Ping Batteries: A supplier of Lithium Iron Phosphate batteries.  These batteries are appropriate for use with chain-drive (EcoSpeed) or home-made systems.  Cannot be used with integrated systems like BionX.  Can be solar charged if desired. One of the better batteries we have used, and one of the better  companies with which we have dealt.  Batteries do not come with a case; there will be a charge if we supply a battery box.  Order the 24 volt 10 amphour LiFePO4 battery for a minimalist system (your motor/controller must be 24 volt), or a 36 volt 20 amphour LiFePO4 battery for medium power and medium range (when using a 36 volt motor/controller), or 48 volt 30 amphour LiFePO4 battery for maximum power and maximum range with a 48 volt system.  EcoSpeed specifies 3 different configurations of Ping batteries; they are listed on this page.  Availability has been around 4 - 6 weeks.  Assembled and shipped from Shanghai, China.


Phoenix Cruiser Motor for Disc Brake for Front Wheel (Motor Only)








Hub motors can be used (without spokes and rim) as a mid-drive motor on Lightfoot tricycles and quadracycles.  This setup provides a shiftable-gear system, as the drive of the motor becomes integrated with the transmission and consequently drives through the rear wheel's shiftable gears. 

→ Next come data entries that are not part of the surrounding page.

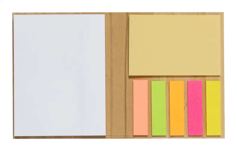 Bambusz borítású jegyzettömb 70 lappal, 25 öntapadós jegyzetlappal és 125 oldaljelölővel (5 féle színben).
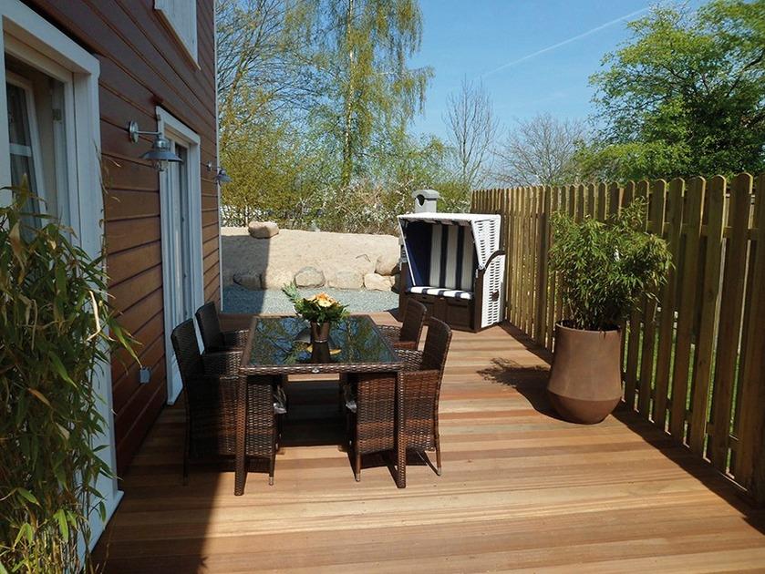 hochwertigen Gartenmöbeln und Strandkorb auf der Terrasse, Parkplatz direkt
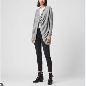 AllSaints | Itat Shrug Convertible Twist Sweater Cardigan Grey Cotton Size S
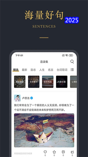 結構化分類系統整理文學好句、勵志語錄等20+類別,權威出處標注確保內容真實性。高清配圖庫每句匹配意境圖片,全文檢索功能支持關鍵詞快速定位,資源豐富度獲用戶92%好評。
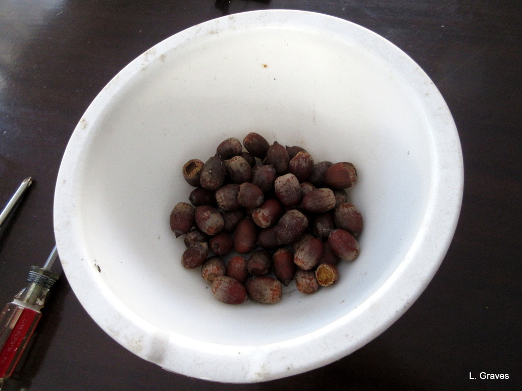 There’s some debate about whether a squirrel or a woodpecker did this, but every time I hear one of these acorn stories, it comes to mind again. It’s a reminder that it could have been worse!
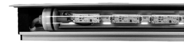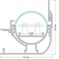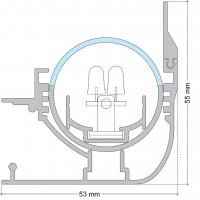 Natural anodised aluminuim profil with IP68 tube in polycarbonate lens with high mechanical and thermal resistance.
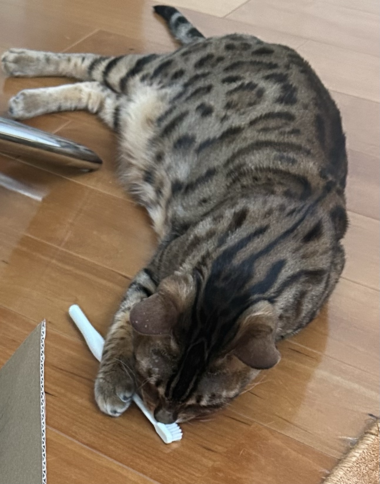 ちーちゃん、歯ブラシはにおい嗅いでなめるだけじゃなくて、ブラシを当てるんですよ😁
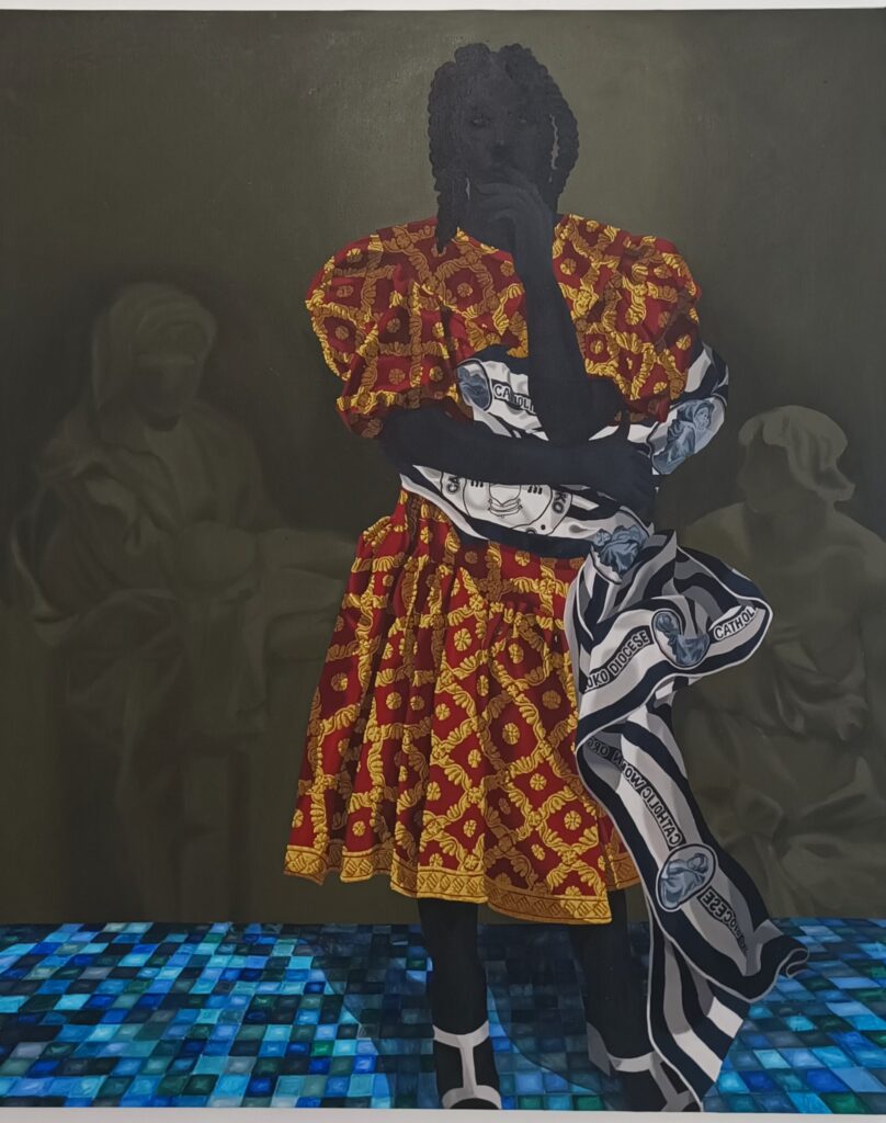 Esta obra se encuadra en una línea de trabajo donde las celebraciones, los rituales y los encuentros, son el punto de partida para hablar de las experiencias de las mujeres negras. Nneji otorga significado al espacio femenino con un prolijo detalle en sus composiciones. “Día de fiesta” nos habla de lo cotidiano, de la intimidad y también de la dignidad.
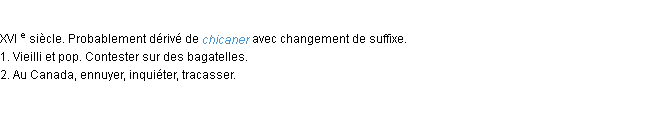 Ancienne définition académique pour le terme « chicoter » (parue en 1835).
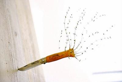 「野生の記憶 -ナイフ-」250x120x150mm、ナイフ・針金・紙、2008年
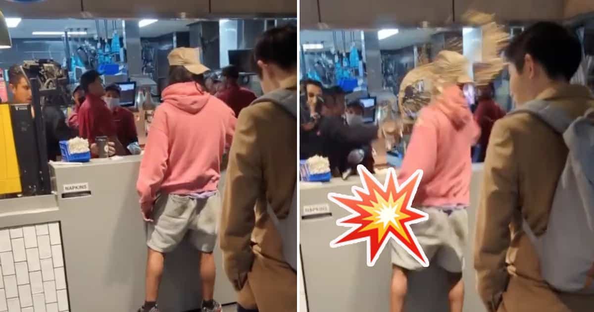 Sur la vidéo filmée dans le McDo dans le quartier Wynyard du centre-ville de Sydney, on peut voir un employé perdre les pédales et envoyer le contenu d’un gobelet de boisson gazeuse directement dans le visage d’un client.
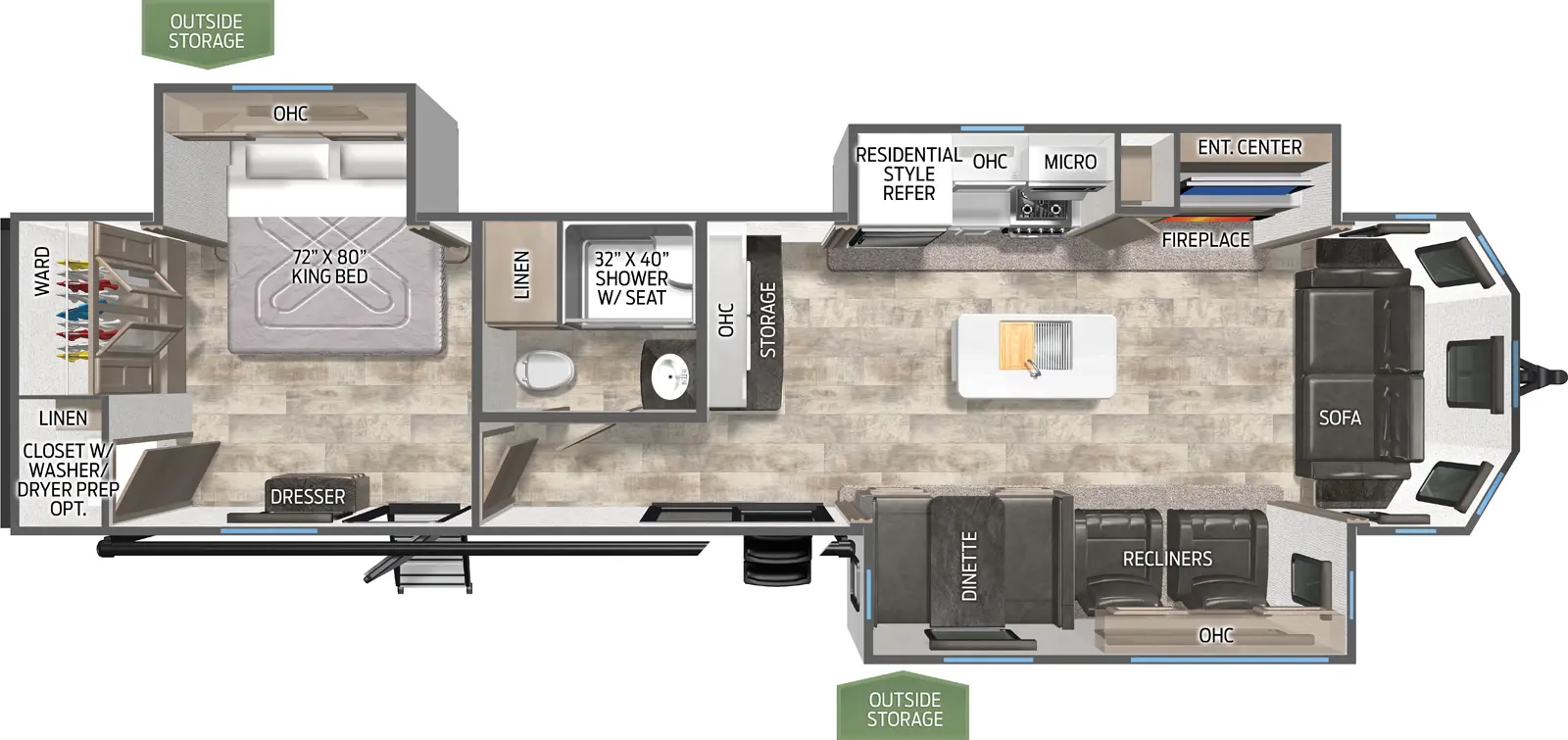 This Puma Destination Trailer features a front living area full of places to relax and feel like you're at home. Opposing slides grant you copious amounts of space in the front. With a sofa, recliners and a dinette, you will not have to fret about where guests can sit. In the rear of this floorplan, a slide out containing a full sized king bed provides a comfortable bedroom. Furthermore, A wardrobe along with a closet with washer/dryer prep can be found very useful for all of your belongings.
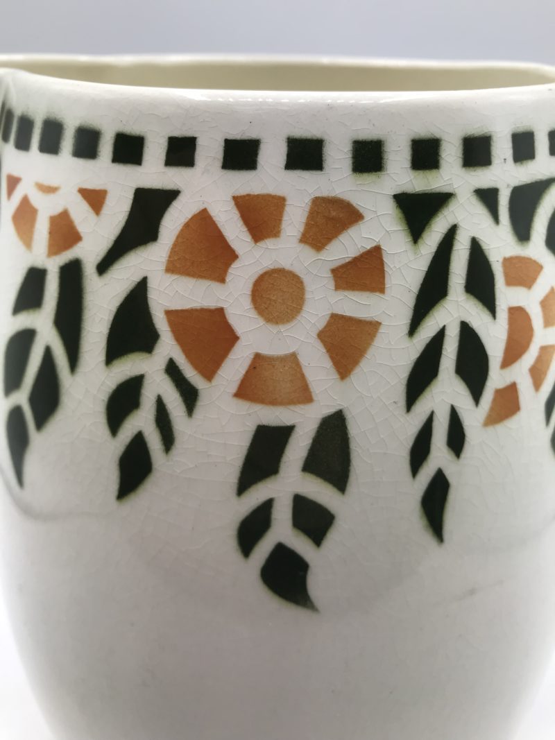 Joli broc de toilette ancien. Style Art Déco il apportera du pep’s à votre déco. Il porte des décors floraux géométrique qui lui donnent tout son charme. Il est estampillé nouvelle galeries collection « Claudine ». Ses dessins font penser à quelque chose d’ethnique, une belle façon de voyager avec un objet. Il est en très bon état.
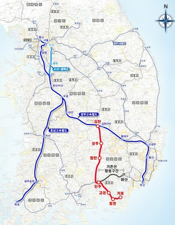 이 사업이 완료되면 서울·수서에서 거제·마산까지 환승 없이 직결 운행이 가능해 서울-진주간 이동은 고속열차 기준 당초 3시간27분에서 2시간9분으로 1시간18분이 단축된다. 또 거제까지는 2시간34분 만에 도착할 수 있다.

As well, a very small motor (250 watt) can have its torque compounded by mid-drive placement to make a minimalist assist that is yet suitable for effective (though slow speed) hill climbing assist.  A mid-drive motor placement also makes easier the creation of power-assisted full-time two-wheel drive.  

NOTE: This must be a rear-wheel motor, and it must have disk-brake mounting holes.

We do not recommend a motor of over 750 watts for this application, as the transmission's jackshaft will experience excessive stress and wear with a larger motor. The motor must have disk brake mounts. 

Lightfoot has to build-in the mid-drive system during construction of the cycle. There is a cost for the brackets, chain and sprockets needed to create the mid-drive.